The global retail industry has undergone a dramatic transformation over the past three decades. Large retailers and brands have consolidated market power, allowing them to negotiate aggressively with suppliers across the world. This purchasing power has delivered lower prices for consumers and improved efficiency in global supply chains. However, it has also created structural imbalances that can place excessive pressure on suppliers, particularly manufacturers in developing countries.
The challenge for the future of retail and manufacturing is not to weaken retail purchasing power, but to ensure that it operates within a framework that preserves fair competition, sustainable supply chains, and the long-term viability of suppliers.
The Importance of Purchasing Power for Retailers
Retailers require significant purchasing power to compete in today’s global marketplace. Large order volumes allow them to achieve economies of scale, reduce logistics costs, and negotiate better pricing. This efficiency benefits consumers through lower prices and greater product availability.
Moreover, retailers face intense competition not only from traditional competitors but also from global e-commerce platforms. In such an environment, purchasing power is often essential to maintain competitive pricing and market share.
However, purchasing power should not translate into disproportionate risk transfer from retailers to suppliers.
When Purchasing Power Becomes a Problem
In many supply chains, suppliers carry most of the financial and operational risk. Late order changes, cancellations, long payment terms, and pressure to constantly reduce prices can undermine the stability of manufacturing companies.
Smaller manufacturers in particular often operate on thin margins. When large buyers demand lower prices without sharing productivity gains or cost pressures, suppliers may be forced to cut corners, delay investments, or accept unsustainable working conditions. In extreme cases, this dynamic can lead to factory closures and job losses.
This situation not only harms suppliers but ultimately threatens the resilience of the supply chain itself.
Protecting Suppliers Without Distorting Markets
The goal should not be to limit retail competitiveness, but to establish fair frameworks that ensure balanced commercial relationships.
Several mechanisms can help achieve this balance:
1. Fair contracting practices
Contracts should clearly define responsibilities related to order changes, cancellations, and payment terms. Suppliers should not bear unilateral financial penalties for decisions taken by buyers.
2. Responsible purchasing policies
Brands and retailers should adopt internal policies that align their purchasing practices with sustainability commitments.
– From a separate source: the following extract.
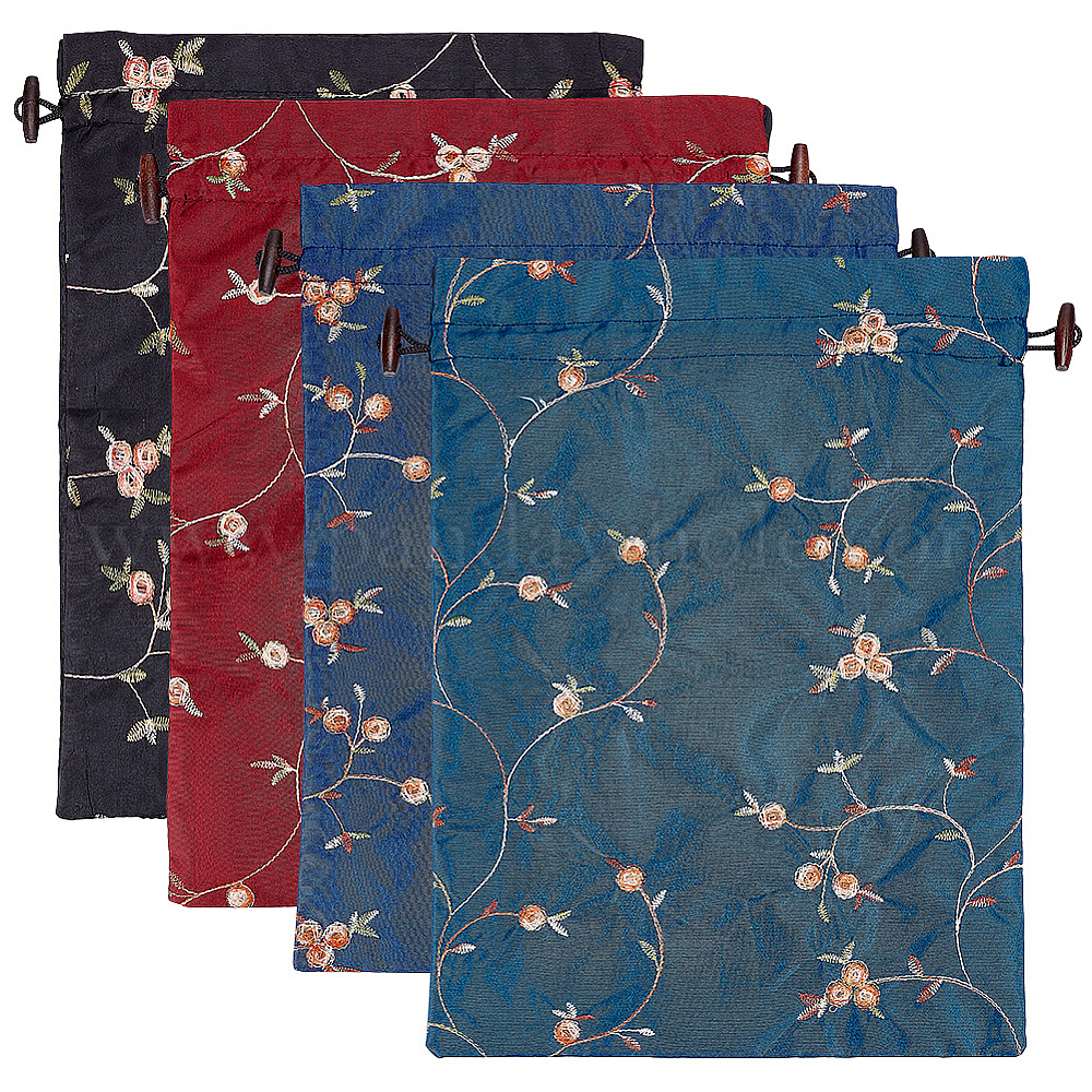 4 шт. 4 цвета вышитые цветы мешковина упаковочные мешочки сумки на завязках, на Рождество, свадьба и упаковка поделки, прямоугольные (03547N)

Responsible sourcing should include predictable order planning, realistic lead times, and fair pricing negotiations.
3. Industry standards and transparency
Industry-wide initiatives and transparency mechanisms can help ensure accountability. When retailers and suppliers operate under common standards, unfair practices become easier to identify and address.
4. Strengthening supplier capabilities
Investing in supplier productivity, technology, and skills allows manufacturers to become stronger partners rather than price-takers. Competitive suppliers create healthier supply chains.
Toward a More Balanced Global Apparel Industry
A resilient global retail ecosystem requires strong retailers and strong suppliers. If suppliers are continuously squeezed, the long-term cost will be reduced innovation, weaker manufacturing capacity, and increased supply chain disruptions.
Balanced purchasing relationships create shared value. Retailers benefit from reliable partners, and suppliers gain the stability necessary to invest in technology, sustainability, and workforce development.
The future of the apparel industry depends not only on who has the greatest purchasing power, but on how responsibly that power is used.
Fair competition and healthy supplier relationships are not obstacles to efficiency—they are the foundation of a sustainable global market.